_Data supplied_.
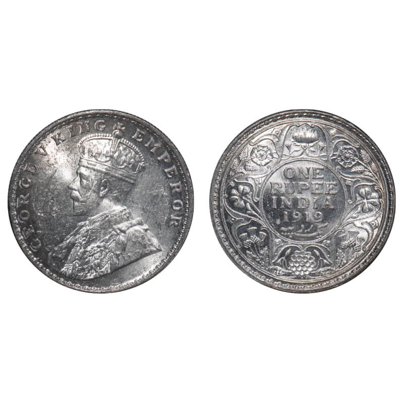 George V, Silver, Rupee, 1919, Calcutta Mint, No dot, Elephant. F. Prid 215. GK 1039. NGC Slabbed M...
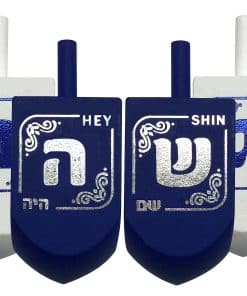 Dreidels de Hanukkah – Dreidel de Madera Azul y Blanco –
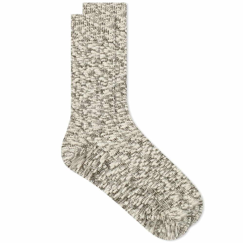 Delivering style and comfort in equal measures, Anonymous Ism’s Slub Crew sock remains a firm fan favourite. Reworked this season in a lightweight cotton mix, this olive green marl pair is perfect for shifting seasons.
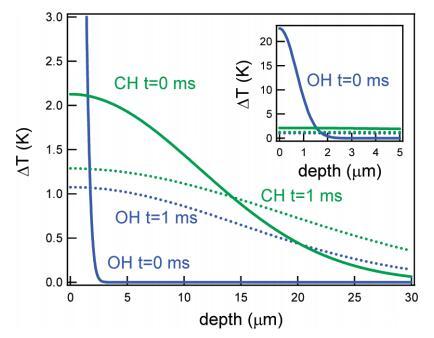 圖9。對于與CH(綠色)或OH(藍(lán)色)振動共振的紅外光束,溫度隨著進(jìn)入水層的深度而升高。實(shí)線和虛線分別表示t=0和t=1 ms。插圖顯示了相同的圖形,但帶有擴(kuò)展的yaxis。
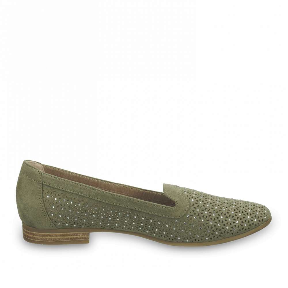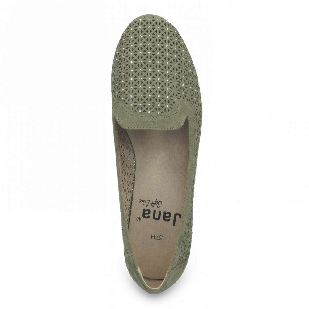 Dámské mokasíny značky JANA budou tou správnou volbou pro teplé letní dny. Kvalitní semišový svršek je pro lepší odvětrávání perforován a ozdoben malými kamínky. Boty se snadno nazouvají a díky jejich měkké stélce se budete cítit pohodlně po celý den. Podešev s nízkým podpatkem o výšce cca 1,5 cm je vyrobena z velmi kvalitního syntetického materiálu, který je lehký, měkký a současně mimořádně flexibilní. Pokud hledáte pohodlnou a zároveň stylovou obuv tento model je tím pravým právě pro Vás.

_Assignment_. Restate, word for word, the entries above, dropping any picture.

_Result of this task_.
 George V, Silver, Rupee, 1919, Calcutta Mint, No dot, Elephant. F. Prid 215. GK 1039. NGC Slabbed M...
 Dreidels de Hanukkah – Dreidel de Madera Azul y Blanco –
 Delivering style and comfort in equal measures, Anonymous Ism’s Slub Crew sock remains a firm fan favourite. Reworked this season in a lightweight cotton mix, this olive green marl pair is perfect for shifting seasons.
 圖9。對于與CH(綠色)或OH(藍(lán)色)振動共振的紅外光束,溫度隨著進(jìn)入水層的深度而升高。實(shí)線和虛線分別表示t=0和t=1 ms。插圖顯示了相同的圖形,但帶有擴(kuò)展的yaxis。
 Dámské mokasíny značky JANA budou tou správnou volbou pro teplé letní dny. Kvalitní semišový svršek je pro lepší odvětrávání perforován a ozdoben malými kamínky. Boty se snadno nazouvají a díky jejich měkké stélce se budete cítit pohodlně po celý den. Podešev s nízkým podpatkem o výšce cca 1,5 cm je vyrobena z velmi kvalitního syntetického materiálu, který je lehký, měkký a současně mimořádně flexibilní. Pokud hledáte pohodlnou a zároveň stylovou obuv tento model je tím pravým právě pro Vás.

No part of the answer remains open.